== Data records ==
-- Opening Marker --

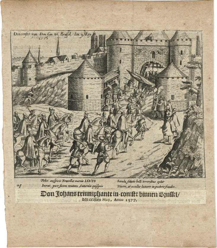1577년 5월 1일, 오스트리아의 욘이 브뤼셀에 환희 입성하는 모습. W. 보다르티우스가 저술한 '나사우 전쟁'의 판화, 암스테르담, 1616년
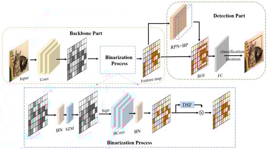 The deep neural network can be compressed by quantification [8,9], efficient structure design [10,11,12], and pruning [13,14] to obtain lightweight models. Binary convolutional neural network (BNN) is the most extreme network quantification method, which not only reduces the memory footprint, but also greatly accelerates the network computing speed [15,16]. However, the efficiency and lightness of BNN comes at the cost of performance loss, which makes it hard to accomplish complex object detection tasks.
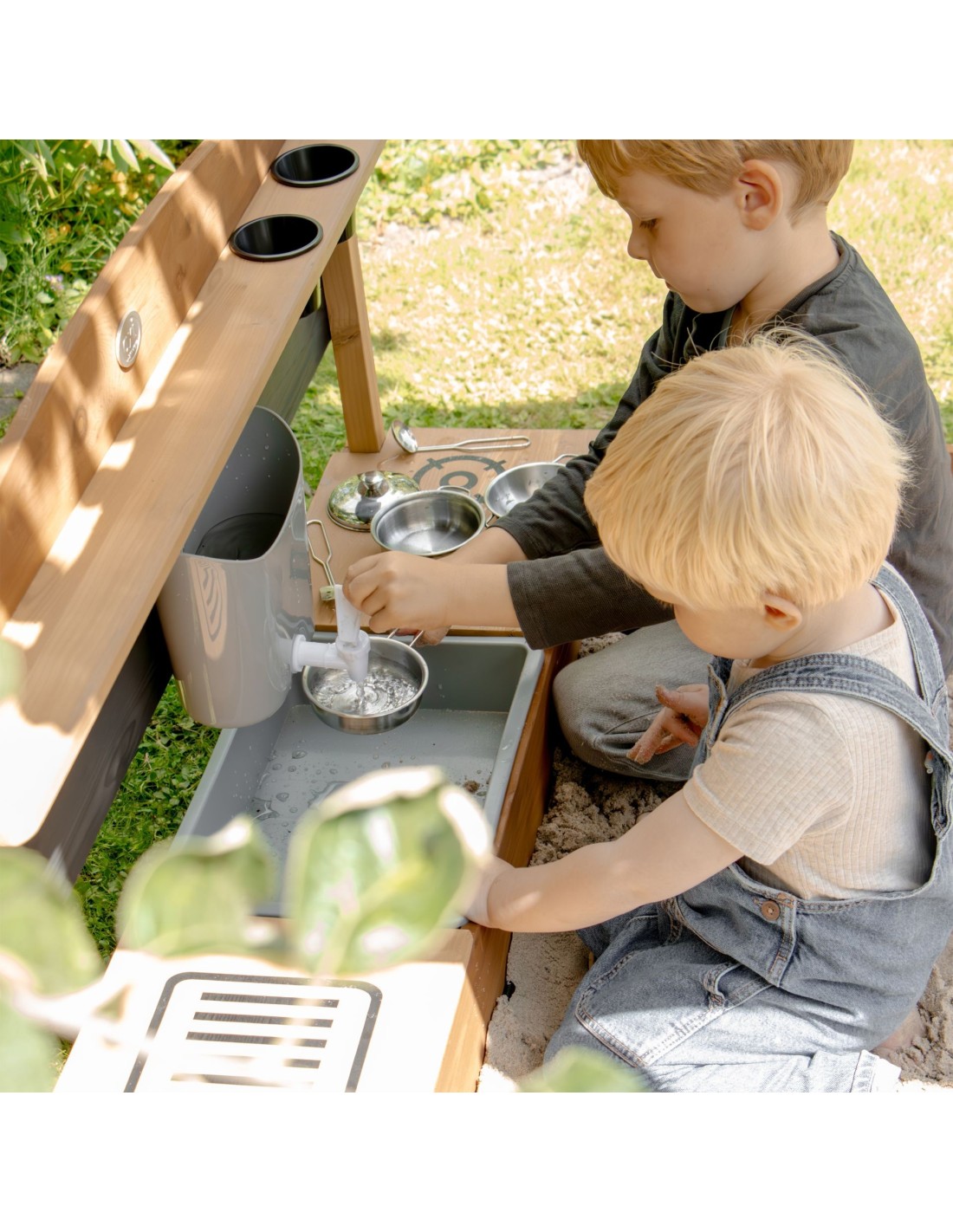 - Kuchnia z funkcjonalnym zlewem do zabaw z wodą, piaskiem i błotem. Pojemność zlewu 16l
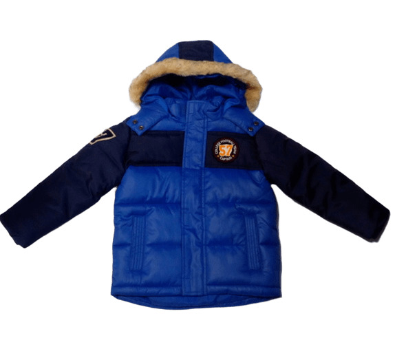 Дебело зимно яке в синьо, с тъмносини ръкави и лента на качулката, гърба и отпред. Подплатата е от син шушляков плат, а вътрешността е от пресована вата. Има емблема отляво с надпис College football team* captain* 57, два джоба и голяма цифра 57 на десния ръкав. Качулката е неподвижна, с кожена ивица по края.
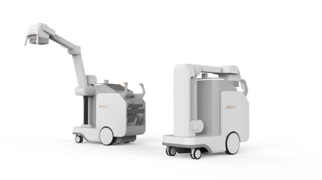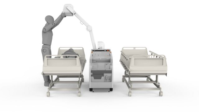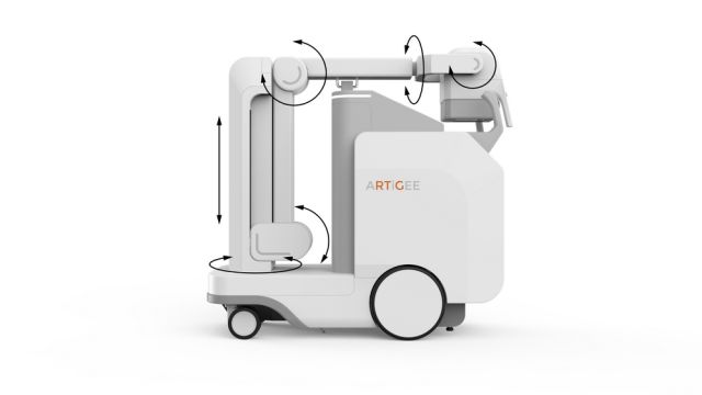 - Nový typ flexibilního ramene – je skladnější, tím se povedlo snížit celkové rozměry mobilního rentgenu a zajistit bezpečnější a snazší manipulaci během jeho převozu z místa na místo.
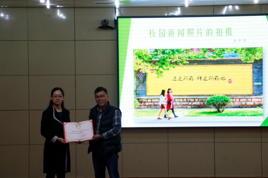 马克思主义青年培训工程导师,并由刘蓉老师颁发聘书。接下来,王中华老师从“照片欣赏”、“摄影构图”、“新闻摄影”三个方面进行讲解,并通过展示自己的摄影作品为同学们分享了有关新闻宣传、摄影技巧的心得,强调了学会拍摄新闻照片对学生干部工作的重要性。培训会的第二环节由校学生会青工部部长李洁为大家讲解。她主要为同学们讲述了“第二课堂”的相关制度和内容,并强调“第二课堂成绩单”是提高学生综合素质的新方式。随后,李洁向大家介绍了“到梦空间”应用的各种功能体系,对提高学生干部对该应用的运行与管理能力具有较大意义。
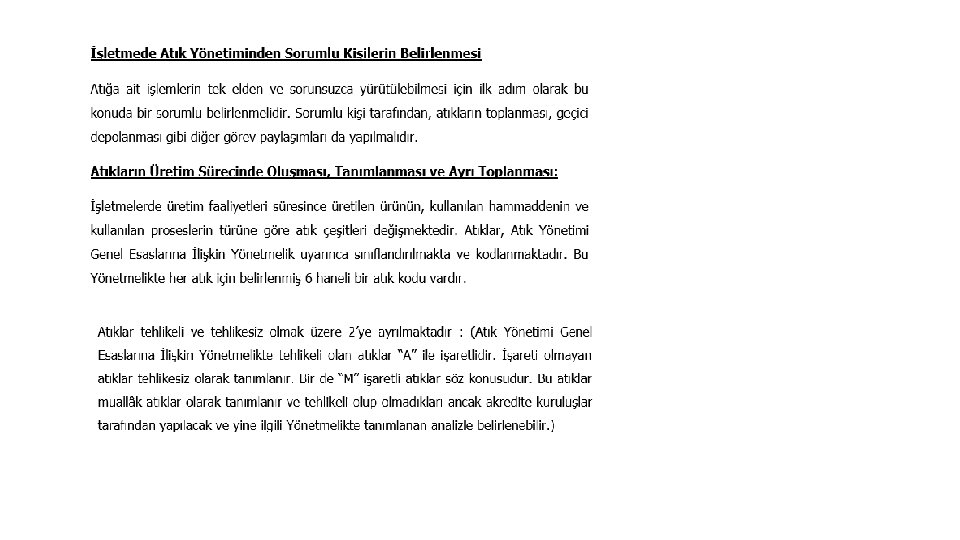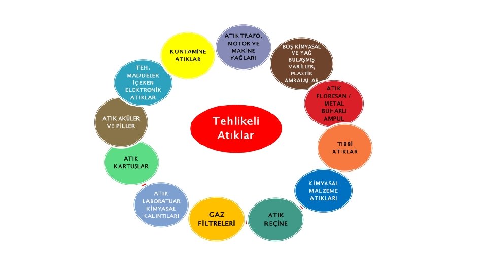 İşletmelerde Oluşabilecek Bazı Tehlikeli Atıklar: • ATIK YAĞLAR • KONTAMİNE ATIKLAR (yağ veya kimyasal malzeme bulaşmış bez, üstübü, eldiven, giysi, hava ve yağ filtresi, maske, çizme…vb. ) • ATIK AKÜLER VE PİLLER • TIBBİ ATIKLAR • BOŞ KİMYASAL VE YAĞ BULAŞMIŞ VARİLLER VE DİĞER AMBALAJLAR • TEHLİKELİ ELEKTRONİK ATIKLAR • KİMYASAL MALZEME ARTIKLARI / ATIKLARI • TEHLİKELİ ÖZELLİK GÖSTEREN ATIK REÇİNE / KUM / AKTİF KARBON VS. MALZEMELER • METALLERİN MEKANİK OLARAK İŞLENMESİ ESNASINDA OLUŞAN VE YAĞ BULAŞMIŞ ATIKLAR (YAĞLI METAL TALAŞLARI, METALİK ÇAMURLAR V. B. ) • YAĞLI ARAÇ PARÇALARI • BOYA VE VERNİK KALINTILARI • SOLVENTLER • FLORESAN LAMBALAR, METAL BUHARLI AMPULLER, KARTUŞ VE TONERLER • PESTİSİTLER • ASBEST VE DİĞER KANSEROJEN MADDELER İÇEREN ATIKLAR • FİLTRE TOZLARI • YAĞ İÇEREN KABLO ATIKLARI
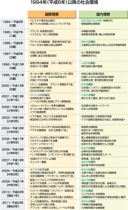 関西国際空港が開港した年に、現在の高校3年生は生まれました。彼らの育った時代背景を理解するための一助として、ご高覧いただければ幸いです。
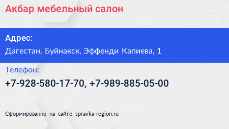 Акбар, мебельный салон по адресу Дагестан, Буйнакск, Эффенди Капиева, 1 в дальнейшем Организация, размещена в следующих категориях:
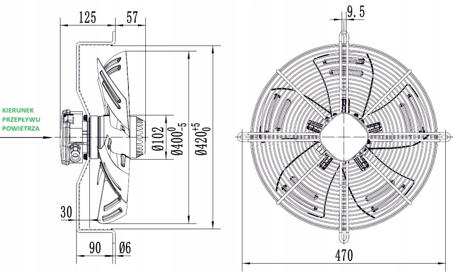 Ventilator axial de fortare 400mm YWF4E-400B-102/47-G
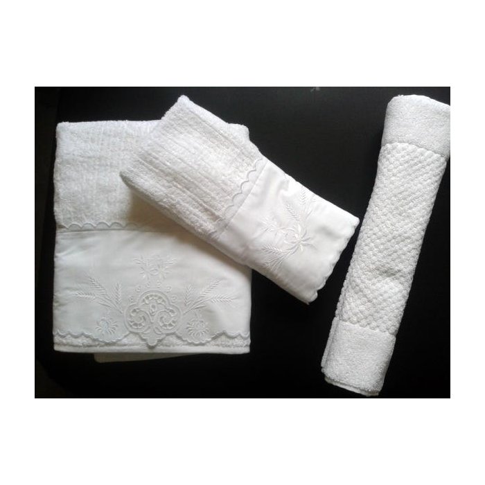 Jogo de Banho 250 fios 3 peças Festonê Trigo branco
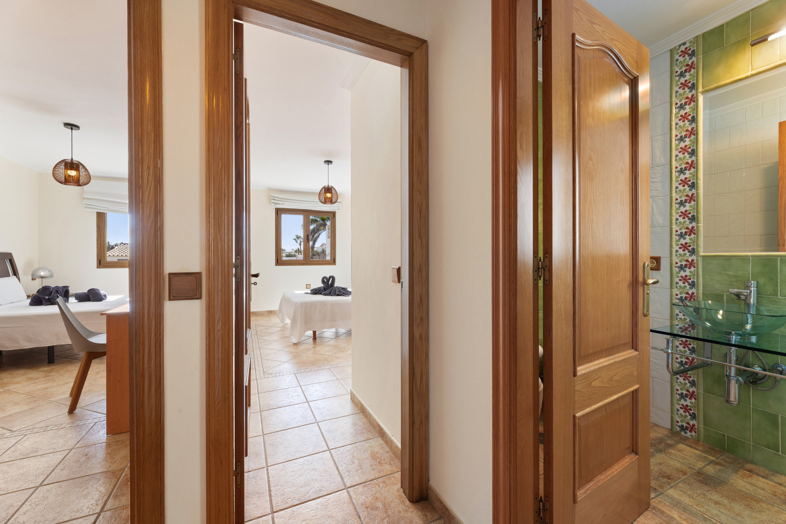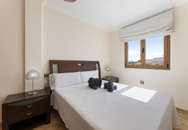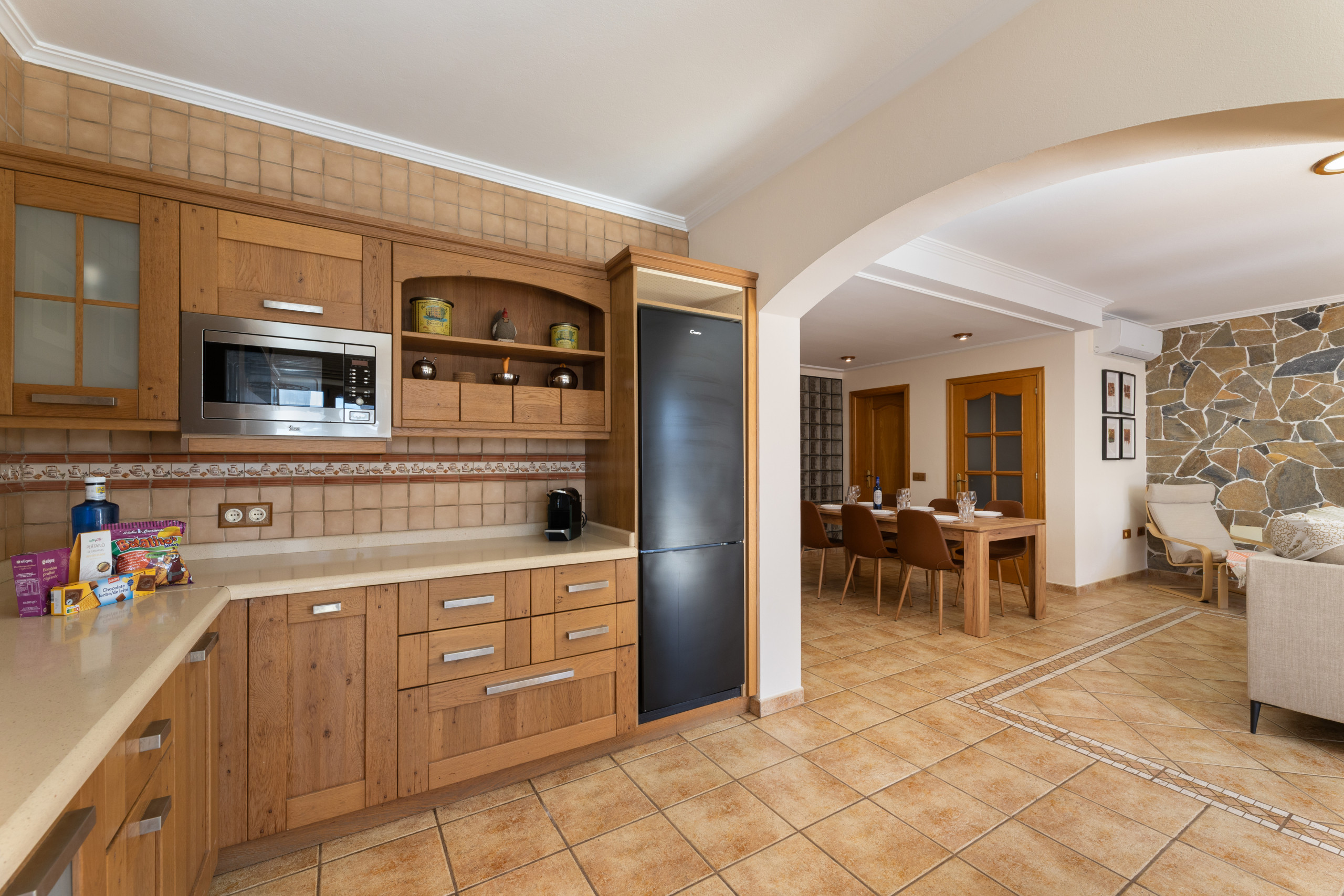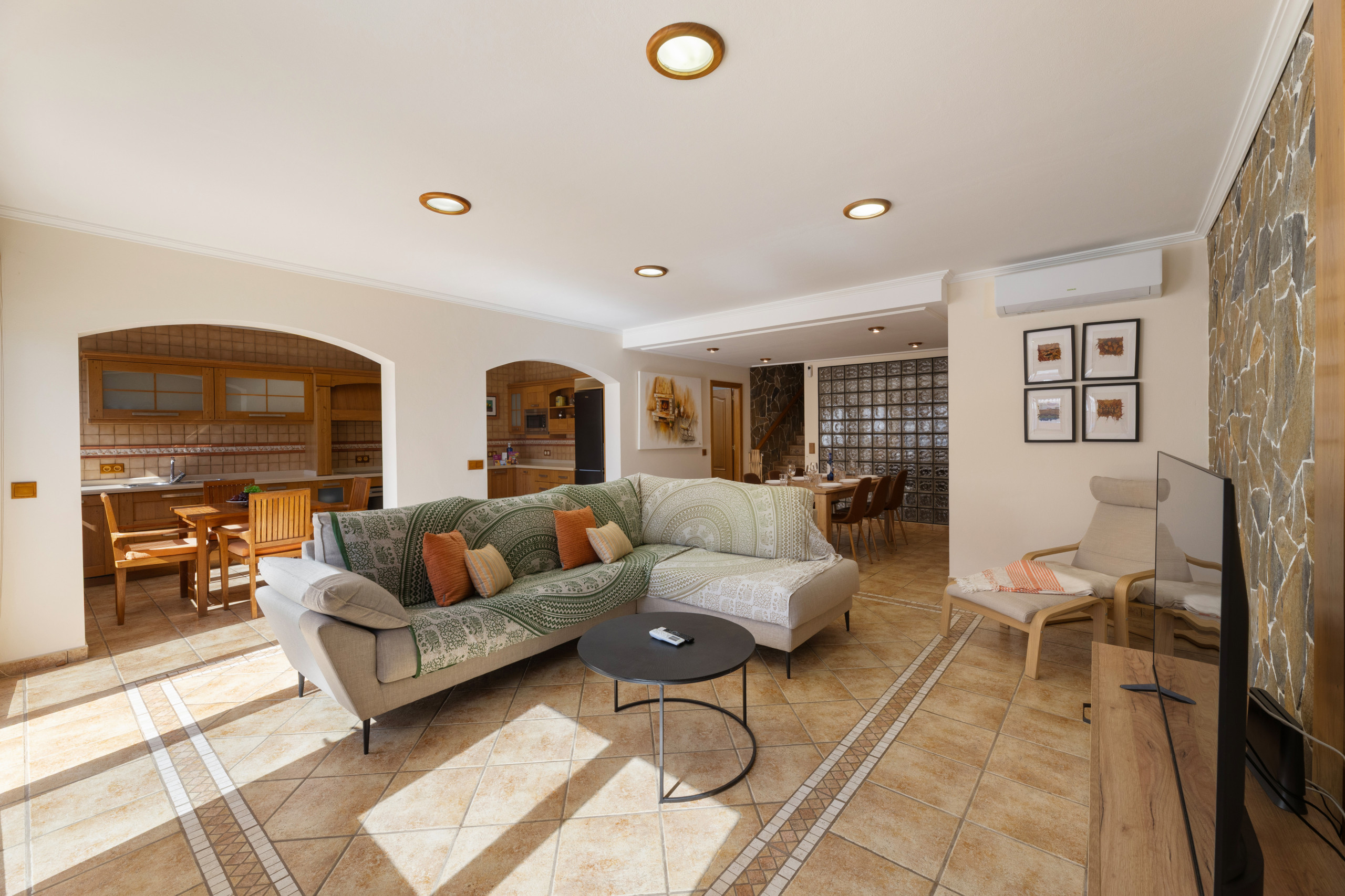La terraza exterior ofrece el auténtico toque canario: un espacio inmenso para relajarse al sol, disfrutar de comidas al aire libre bajo el cenador o sumergirse en el jacuzzi mientras cae la tarde. Además, tanto las habitaciones como el salón disponen de aire acondicionado para mantener siempre la temperatura ideal.

-- Closing Marker --

== Assignment ==
Repeat every line above precisely; pictures do not belong in the copy.

== Response to the task ==
1577년 5월 1일, 오스트리아의 욘이 브뤼셀에 환희 입성하는 모습. W. 보다르티우스가 저술한 '나사우 전쟁'의 판화, 암스테르담, 1616년
 The deep neural network can be compressed by quantification [8,9], efficient structure design [10,11,12], and pruning [13,14] to obtain lightweight models. Binary convolutional neural network (BNN) is the most extreme network quantification method, which not only reduces the memory footprint, but also greatly accelerates the network computing speed [15,16]. However, the efficiency and lightness of BNN comes at the cost of performance loss, which makes it hard to accomplish complex object detection tasks.
 - Kuchnia z funkcjonalnym zlewem do zabaw z wodą, piaskiem i błotem. Pojemność zlewu 16l
 Дебело зимно яке в синьо, с тъмносини ръкави и лента на качулката, гърба и отпред. Подплатата е от син шушляков плат, а вътрешността е от пресована вата. Има емблема отляво с надпис College football team* captain* 57, два джоба и голяма цифра 57 на десния ръкав. Качулката е неподвижна, с кожена ивица по края.
 - Nový typ flexibilního ramene – je skladnější, tím se povedlo snížit celkové rozměry mobilního rentgenu a zajistit bezpečnější a snazší manipulaci během jeho převozu z místa na místo.
 马克思主义青年培训工程导师,并由刘蓉老师颁发聘书。接下来,王中华老师从“照片欣赏”、“摄影构图”、“新闻摄影”三个方面进行讲解,并通过展示自己的摄影作品为同学们分享了有关新闻宣传、摄影技巧的心得,强调了学会拍摄新闻照片对学生干部工作的重要性。培训会的第二环节由校学生会青工部部长李洁为大家讲解。她主要为同学们讲述了“第二课堂”的相关制度和内容,并强调“第二课堂成绩单”是提高学生综合素质的新方式。随后,李洁向大家介绍了“到梦空间”应用的各种功能体系,对提高学生干部对该应用的运行与管理能力具有较大意义。
 İşletmelerde Oluşabilecek Bazı Tehlikeli Atıklar: • ATIK YAĞLAR • KONTAMİNE ATIKLAR (yağ veya kimyasal malzeme bulaşmış bez, üstübü, eldiven, giysi, hava ve yağ filtresi, maske, çizme…vb. ) • ATIK AKÜLER VE PİLLER • TIBBİ ATIKLAR • BOŞ KİMYASAL VE YAĞ BULAŞMIŞ VARİLLER VE DİĞER AMBALAJLAR • TEHLİKELİ ELEKTRONİK ATIKLAR • KİMYASAL MALZEME ARTIKLARI / ATIKLARI • TEHLİKELİ ÖZELLİK GÖSTEREN ATIK REÇİNE / KUM / AKTİF KARBON VS. MALZEMELER • METALLERİN MEKANİK OLARAK İŞLENMESİ ESNASINDA OLUŞAN VE YAĞ BULAŞMIŞ ATIKLAR (YAĞLI METAL TALAŞLARI, METALİK ÇAMURLAR V. B. ) • YAĞLI ARAÇ PARÇALARI • BOYA VE VERNİK KALINTILARI • SOLVENTLER • FLORESAN LAMBALAR, METAL BUHARLI AMPULLER, KARTUŞ VE TONERLER • PESTİSİTLER • ASBEST VE DİĞER KANSEROJEN MADDELER İÇEREN ATIKLAR • FİLTRE TOZLARI • YAĞ İÇEREN KABLO ATIKLARI
 関西国際空港が開港した年に、現在の高校3年生は生まれました。彼らの育った時代背景を理解するための一助として、ご高覧いただければ幸いです。
 Акбар, мебельный салон по адресу Дагестан, Буйнакск, Эффенди Капиева, 1 в дальнейшем Организация, размещена в следующих категориях:
 Ventilator axial de fortare 400mm YWF4E-400B-102/47-G
 Jogo de Banho 250 fios 3 peças Festonê Trigo branco
La terraza exterior ofrece el auténtico toque canario: un espacio inmenso para relajarse al sol, disfrutar de comidas al aire libre bajo el cenador o sumergirse en el jacuzzi mientras cae la tarde. Además, tanto las habitaciones como el salón disponen de aire acondicionado para mantener siempre la temperatura ideal.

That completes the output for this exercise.